Applications in abdominal wall repair

Decellularized vascular matrix can also be used for abdominal wall repair [88,89,90]; however, it was found in some studies that this bio-derived material tended to degrade after implantation and the mechanical strength and tensile strength decreased with time goes by. In order to overcome these limitations, Nowacki [91] and Zhang [92] used autologous MSCs to achieve in vitro recellularization, which significantly improved their mechanical strength and function.

Applications in trachea tissue engineering

Ghorbani combined decellularized rabbit aorta with electrospun PCL which was seeded with primary chondrocytes and adipose-derived mesenchymal stem cells to construct a composite scaffold, then implanted to replace the trachea allogeneically. The composite scaffold was observed to be suitable for tracheal tissue engineering in terms of lumen morphology, mechanical properties, biocompatibility, and cell adhesion [93].

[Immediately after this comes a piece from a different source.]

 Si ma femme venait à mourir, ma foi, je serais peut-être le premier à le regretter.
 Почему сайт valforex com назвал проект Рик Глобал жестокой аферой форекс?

Applications in lymphatic vessel reconstruction

Yang differentiated human adipose-derived stem cells into lymphatic-like endothelial cells, and then the induced cells were seeded into decellularized arterial scaffolds to construct lymphatic vessels. The results showed that the seeded cells proliferated and adhered well in the superficial layer of the decellularized arterial scaffold [94]. However, the study requires further experiments to assess the function of the lymphatic vessel grafts in vivo.

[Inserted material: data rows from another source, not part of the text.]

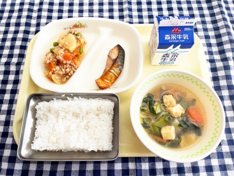 今日の地場産物は、松島産ごはん、松島産だいこん、松島産ねぎ、豚肉、牛乳です。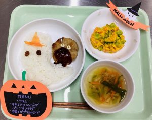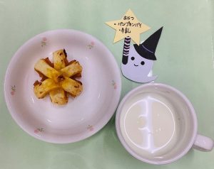 おやつにはかぼちゃの形をしたパンプキンパイと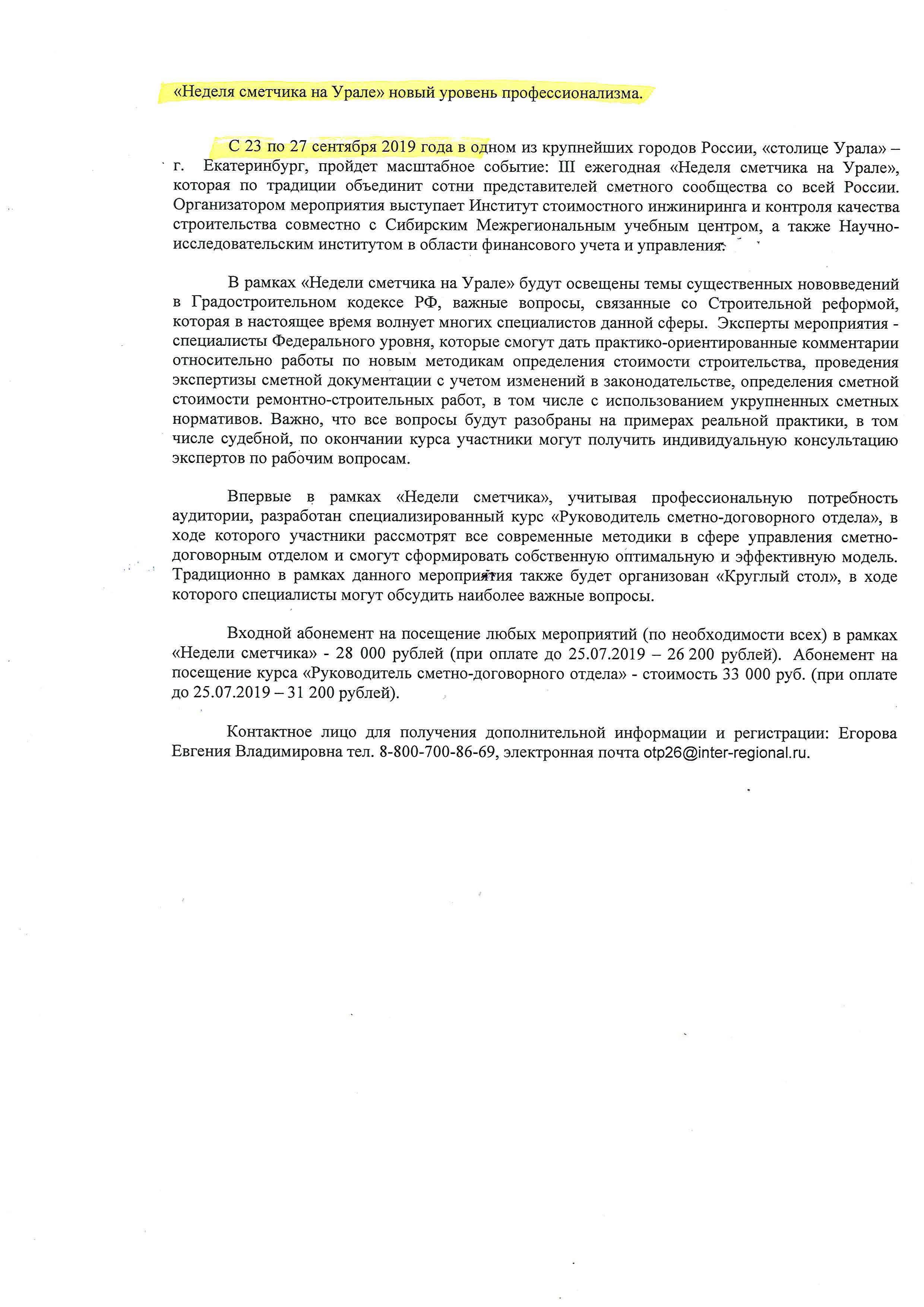 Неделя сметчиков на Урале

In addition, decellularized vascular matrix can be used for oral mucosa repair [95], bone tissue engineering [96, 97], nerve repair [98], bile duct reconstruction [99], etc.

Conclusions

The decellularized vascular matrix mainly comprises collagen, elastin, glycosaminoglycans, and other bioactive factors. The collagen and elastin within the matrix ensure the mechanical strength and flexibility of the decellularized vessels. The combined action of collagen, glycosaminoglycans and various active factors contributes to cell adhesion and growth. The reticulated voids of the matrix scaffold provide ample space for cell proliferation and matrix deposition. Combining decellularized vascular scaffolds with other materials to form composite scaffolds, or using EPCs, ECs, VSMCs, stem cells and so on to recellularize the scaffolds in vitro can significantly improve the performance of the scaffolds.

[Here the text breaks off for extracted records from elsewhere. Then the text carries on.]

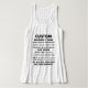 Women's custom personalized Bella+Canvas Classic White Flowy Racerback Tank Top. Made of 65% polyester and 35% viscose that's perfectly soft to the touch for all day comfort, featuring a looser fit for comfort and a casual look Racerback design with a beautiful draping detail. Machine wash on cold, do not bleach, machine dry on low, and iron on low. Size options: XS to 2XL (relaxed fit - runs true to size). Color Options: White, White Marble, Soft Pink. Design, create, make your own customizable tank top - upload photo, image, design, logo plus add text in hundreds of font styles. Get wholesale prices for multiple purchase with bulk buy big discount savings. Custom printed area options: Either front or back / front + back for an up-charge.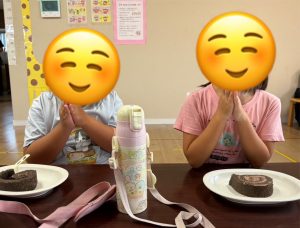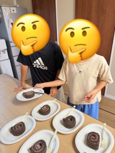 お友達と座ってロールケーキを美味しそうに食べていました😊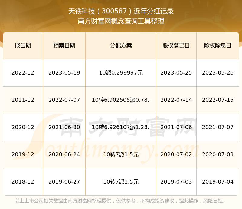天铁科技历年分红派息情况如下表所示: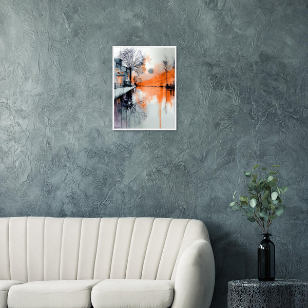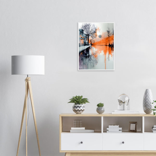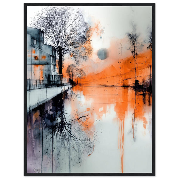 A modern, gallery-style canvas framed in sleek black wood, ready to hang.

Currently, decellularized vascular scaffolds are mainly used for vascular grafts. After implantation, the scaffolds start to perform their functions such as biocompatibility, remodeling of the lumen and re-endothelialization. Seed cells, scaffold material and cytokine are the three essential elements in tissue engineering [100], among which scaffold material is the key to tissue engineering. Vascular tissues are decellularized to remove natural antigens, while retaining functional ECM and three-dimensional spatial structure of tissues, and biocompatibility and effect of antithrombosis are better than those of synthetic materials. Despite the success of decellularized vascular scaffolds, recellularization of decellularized scaffolds is not yet ideal, and their clinical application needs to be further experimentally explored [101]. At present, it has made some progress in the transplantation of large and medium-sized vessels, but more in vivo studies are still needed in the transplantation of small-diameter vessels, especially studies in large animal models. Main causes of vascular graft failure are related to thrombosis, intimal hyperplasia and vascular calcification. Although scholars have conceived many strategies to improve the performance of decellularized vascular scaffolds, it is still a great challenge to promote the adhesion and fusion of ECs on the lumen of scaffolds, to avoid thrombosis and maintain lumen patency. The combination of decellularized vascular scaffold with other natural biomaterials or synthetic degradable polymers can form a composite scaffold material with superior performance and repair effect, which is expected to be a new type of scaffold material for tissue and organ regeneration and reconstruction. Biomaterials based on decellularized vascular matrix are not only limited to vascular tissue engineering, but also have promising applications in cartilage tissue engineering, urological tissue engineering and other tissue engineering, although their long-term clinical applications and mechanisms of function need to be further investigated.